Original article
Blood pressure and phosphate level in diabetic and non-diabetic kidney disease: Results of the cross-sectional “Low Clearance Consultation” study
Margarida Mendesa,, , Luis Resendeb, Alves Teixeirab, João Correiac, Gil Silvab
a SESARAM, Bom Jesus Health Centre, Madeira, Portugal
b SESARAM, Nephrology Department, Madeira, Portugal
c SESARAM, Internal Medicine Department, Madeira, Portugal
Received 15 February 2017, Accepted 23 February 2017
Abstract

Diabetic kidney disease features certain clinical and laboratorial characteristics that differ from chronic kidney disease of other etiologies. We performed a transversal study comparing some of these characteristics and assessed potential associations among blood pressure, plasma phosphate concentration and estimated glomerular filtration rate between patients with diabetic and non-diabetic chronic kidney disease.

We found a positive correlation between both systolic and diastolic blood pressure and the plasma phosphate concentration in the diabetic kidney disease group, but not in the non-diabetic group. Also, diastolic blood pressure was negatively correlated with the estimated glomerular filtration rate in the diabetic group, yet not in the non-diabetic group.

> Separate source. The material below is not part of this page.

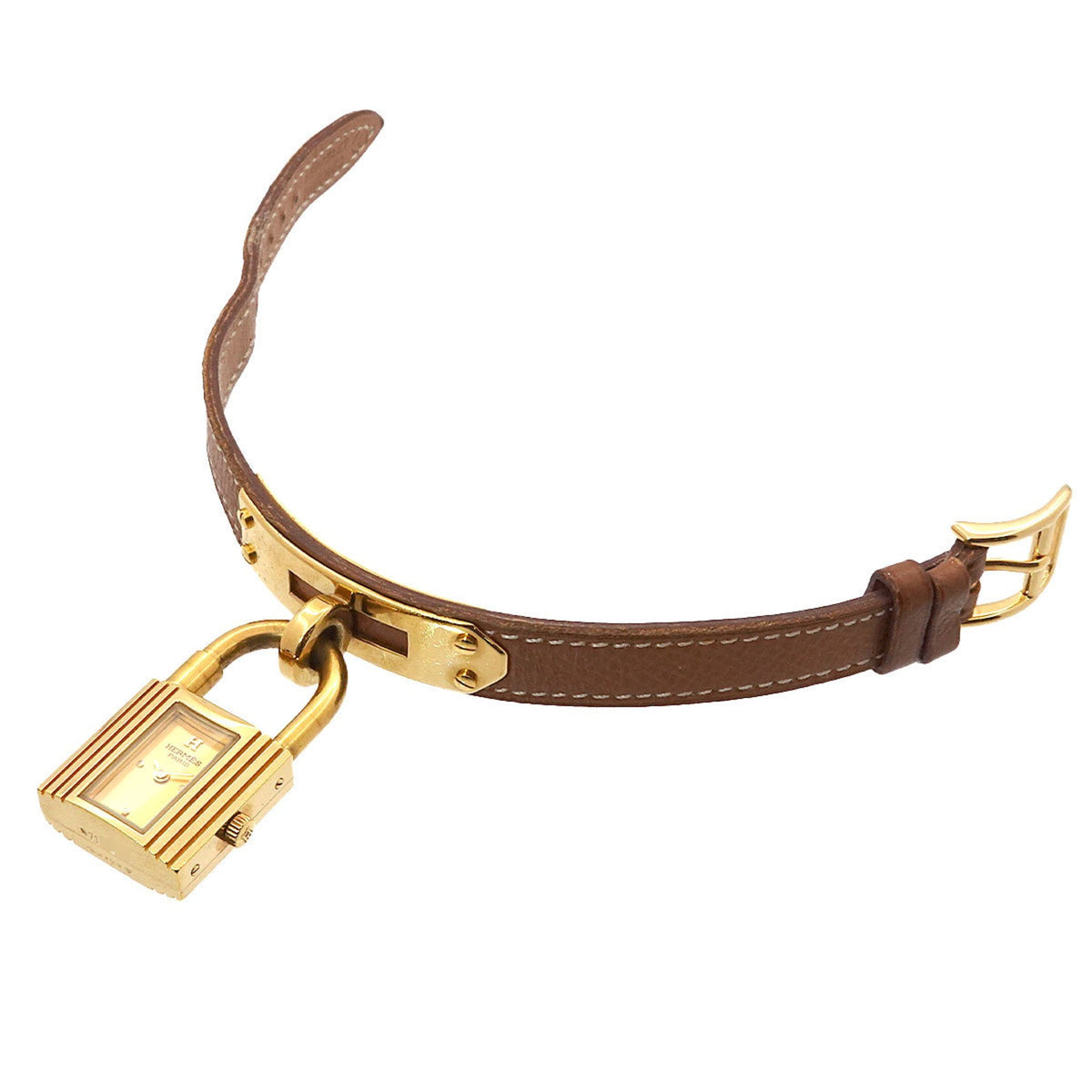 Pre-Owned Herm?s Kelly Watch Women's Gold Brown Quartz with Cadena

In conclusion, these data support the hypothesis of a close link between systolic and diastolic blood pressure and hyperphosphatemia, as well as between diastolic blood pressure and estimated glomerular filtration rate, in patients with diabetic kidney disease. Therapeutic approaches directed at these factors might prove to be important to delay the decline of renal function in the subgroup of patients with diabetic kidney disease.

Keywords
Diabetic kidney disease, Blood pressure, Phosphatemia
Introduction

Chronic kidney disease (CKD) represents a major public health problem due to the elevated prevalence of associated cardiovascular disease.1

Diabetic nephropathy is one of the major complications of diabetes mellitus (DM) and is the leading cause of chronic kidney disease and end-stage renal disease worldwide.2–4 Clinical features and treatments of diabetic and non-diabetic CKD are quite different, thus it is important to distinguish between both etiologies in an early stage of the natural history of the disease.5

Recent studies suggest that an inherited predisposition to high blood pressure (BP) may confer susceptibility to diabetic nephropathy, supporting the claim that hypertension (HT) is an independent risk factor for diabetic nephropathy.5,6 The mechanisms behind this link remain complex but include the stimulation of the sympathetic nervous system and activation of the systemic renin-angiotensin system (RAS), therefore leading to retention of water and sodium.5 Furthermore, activated intrarenal RAS has shown to play an important role in the pathogenesis of HT and CKD, specially in patients with diabetic nephropathy.7,8 Intrarenal generation of angiotensin II is increased in these patients, contributing to the progression of diabetic nephropathy via several hemodynamic, tubular and growth-promoting actions.9 This view is supported by studies showing that treatments for high blood pressure and that target the RAS slow the decline of glomerular filtration rate (GFR), postponing end-stage CKD.2,5 Also, a recent study showed that systolic blood pressure (SBP) and diastolic blood pressure (DBP) had both lower values in patients with non-diabetic CKD.5

HT and hyperphosphatemia have been associated with vascular calcification, an important predictor of progression of the CKD, frequently since early stages of the disease.10,11 Type 2 diabetic patients tend to have particularly severe vascular calcification phenomena.10,11 Beside vascular calcification, other harmful effects of phosphate overload include direct induction of chronic systemic inflammation, malnutrition and increased activation of the intrarenal RAS.12–14 These are secondary to impaired clearance of the dietary phosphate as kidney function declines.12,13 Thus, it is plausible that antiphosphate treatment may slow GFR deterioration, specially in patients with diabetic CKD.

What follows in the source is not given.